As the waters rose around her house, Ohn Tay grabbed her eight-year-old son and ran to safety. Hours later, she gave birth to a baby girl.
Her husband is missing, but the young mother and her children are safe, crammed into a Buddhist monastery with a leaky roof, along with 150 other survivors, half of them children.
With homes flattened and loved ones missing, the people of Burma's coastal heartland have little to take comfort in. Ohn Tay counts herself among the lucky ones with has a baby to cradle amid so much death and destruction.
"My baby stays with me here. I try to keep her from getting wet, but it's hard at night when there is no room to move around and when it rains," she said, pointing at the roof, half of it torn away by the storm.

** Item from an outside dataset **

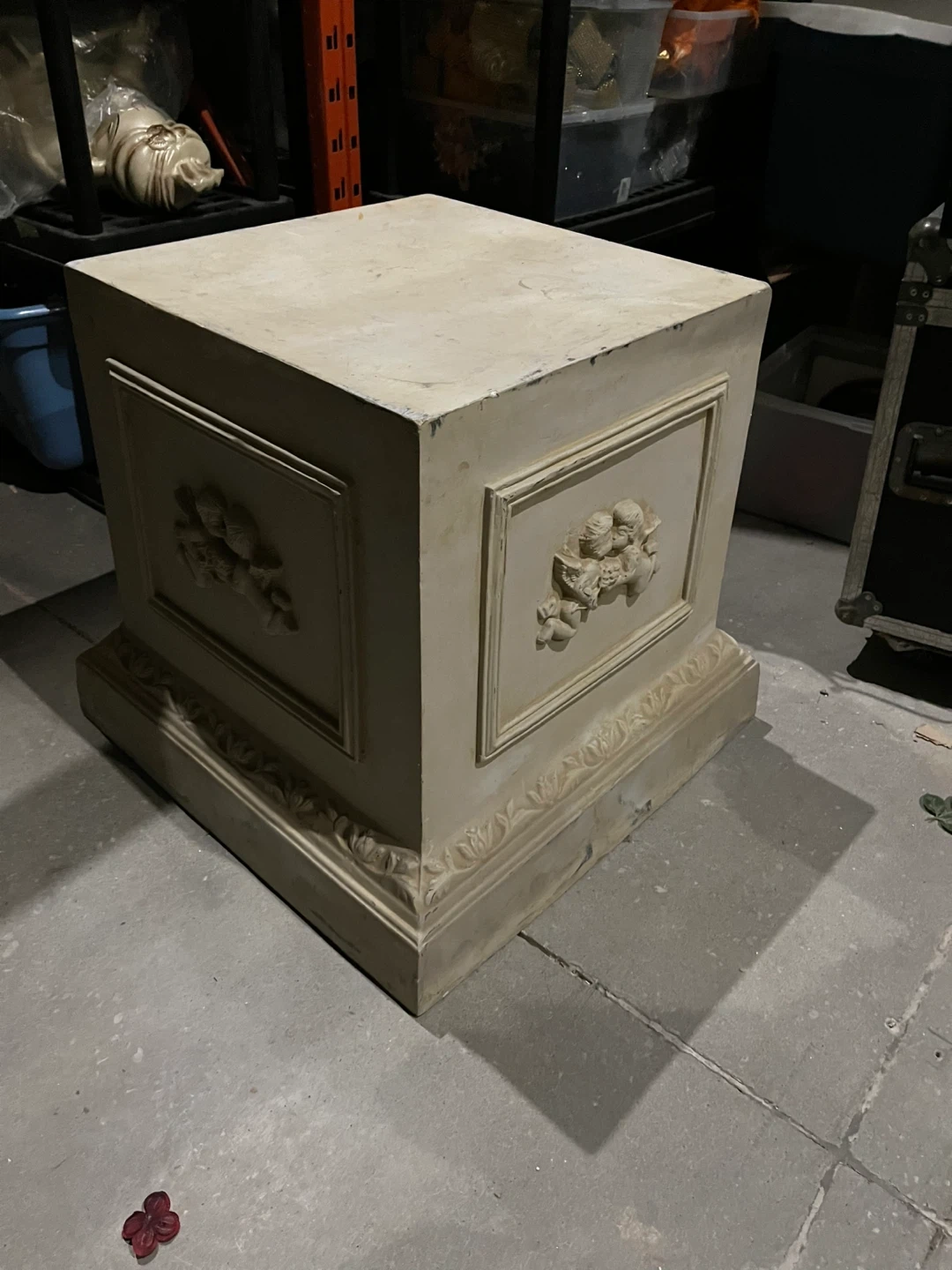 A decorative pedestal stand with ornate relief carvings. It's made of a durable material and features a classic, neutral finish. This pedestal could support a plant, statue, or other decorative items.
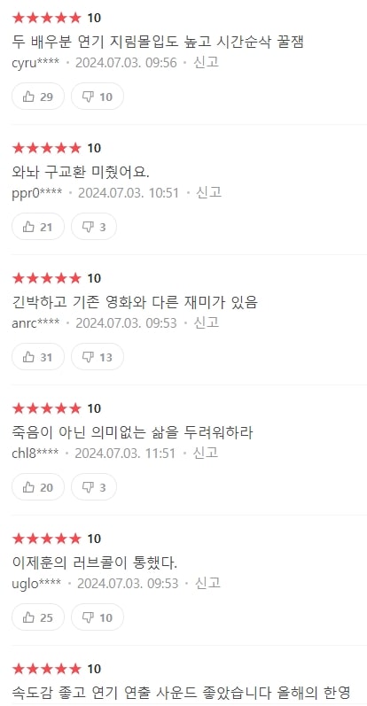 네티즌 평점 10점만점에 8.16점으로 높은 완성도를 바탕으로 영화평이 남녀 모두에게 매우 좋은 평가를 받고 있습니다.

The limited area that is protected means that some of the refugees must sleep sitting up.
Kaw Hmu, a town about 60 miles south-west of Rangoon, was lucky, there are no confirmed deaths yet, though some residents are missing.

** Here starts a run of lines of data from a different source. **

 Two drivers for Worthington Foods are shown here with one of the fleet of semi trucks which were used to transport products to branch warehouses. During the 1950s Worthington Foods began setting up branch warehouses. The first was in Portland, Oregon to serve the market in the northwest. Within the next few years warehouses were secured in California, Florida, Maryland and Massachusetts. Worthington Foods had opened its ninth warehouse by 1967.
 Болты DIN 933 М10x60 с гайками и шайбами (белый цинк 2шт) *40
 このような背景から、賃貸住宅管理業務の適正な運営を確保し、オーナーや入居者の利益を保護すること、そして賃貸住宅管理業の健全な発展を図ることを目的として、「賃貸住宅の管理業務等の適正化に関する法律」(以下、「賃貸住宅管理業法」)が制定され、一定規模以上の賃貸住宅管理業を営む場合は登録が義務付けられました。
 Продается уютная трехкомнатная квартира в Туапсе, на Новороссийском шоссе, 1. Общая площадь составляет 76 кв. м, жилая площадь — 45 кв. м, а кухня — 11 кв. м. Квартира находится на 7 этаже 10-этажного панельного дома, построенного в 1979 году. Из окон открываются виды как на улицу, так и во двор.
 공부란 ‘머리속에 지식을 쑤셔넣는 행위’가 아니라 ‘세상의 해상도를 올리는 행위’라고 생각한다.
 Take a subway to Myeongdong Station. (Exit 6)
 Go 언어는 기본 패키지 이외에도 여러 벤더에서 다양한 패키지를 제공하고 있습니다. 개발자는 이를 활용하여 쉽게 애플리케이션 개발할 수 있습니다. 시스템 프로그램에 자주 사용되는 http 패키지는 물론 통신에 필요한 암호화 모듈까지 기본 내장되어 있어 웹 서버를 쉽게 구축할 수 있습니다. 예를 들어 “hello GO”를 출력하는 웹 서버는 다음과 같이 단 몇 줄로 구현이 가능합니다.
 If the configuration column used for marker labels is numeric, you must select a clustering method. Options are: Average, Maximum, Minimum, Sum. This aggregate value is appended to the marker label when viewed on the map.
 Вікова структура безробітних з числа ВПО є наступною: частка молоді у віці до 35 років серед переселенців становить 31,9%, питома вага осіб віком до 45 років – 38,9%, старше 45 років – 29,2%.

People know that in towns not far away, hundreds of people perished. Journalists reached the area yesterday after driving for three hours across rutted roads from the former capital.

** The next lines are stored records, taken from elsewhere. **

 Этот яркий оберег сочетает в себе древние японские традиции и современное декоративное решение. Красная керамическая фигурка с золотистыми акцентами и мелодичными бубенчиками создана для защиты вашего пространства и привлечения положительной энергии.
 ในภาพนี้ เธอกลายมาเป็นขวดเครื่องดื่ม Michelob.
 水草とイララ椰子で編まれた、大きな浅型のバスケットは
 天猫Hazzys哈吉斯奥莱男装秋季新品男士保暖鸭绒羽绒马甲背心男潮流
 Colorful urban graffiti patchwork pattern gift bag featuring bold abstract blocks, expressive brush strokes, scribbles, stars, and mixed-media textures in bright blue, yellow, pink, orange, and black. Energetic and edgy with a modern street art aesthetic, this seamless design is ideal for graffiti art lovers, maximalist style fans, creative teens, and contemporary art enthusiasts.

Ohn Tay told how she was in the family's hut when the cyclone struck.
"The water rose higher and higher. My husband wasn't there, so I carried my son," she said, hugging the boy.
When the winds receded, she found her house completely flattened, like most of her neighbours' homes, and the family's rice field flooded.
"Some people are lucky. They lost their roofs but they still have the structure of the homes," said Din Aung Than, Ohn Tay's father. "But we don't have anything left to fix at all. And we don't have material to rebuild with."
In a corner of the monastery, children ate curry-flavoured soup with a few spoonfuls of rice as monks chatted with refugees nearby.
She We, looking tired and dirty, noted she had not seen anything like this storm in all her 99 years.
"But we are lucky. We heard that in the next town, hundreds of people died," she said.
Pointing to the clusters of children, their faces plastered with a white paste that serves as a home-made sunscreen, a man interjected: "We still have our babies."
She We's daughter, Daw Thay, sat surrounded by her three young children.
"My children were crying all night. There is not enough food. There will be no food this evening," the 42-year-old woman said.
The monks, who depend on people's donations, are going without, giving their meagre rations to the children and the elderly, "but there isn't enough," Daw Thay said.
Even though the town is relatively accessible by land from Rangoon, the country's biggest city, and military trucks can be seen traversing the area, not enough food is coming in.
The soldiers have been cutting away trees, repairing bridges and dragging away the carcasses of dead water buffalos and other animals, but have not distributed much food.
"The soldiers came once yesterday with food," said Daw Thay. They gave each person two cups of rice and said it had to last for the next seven days.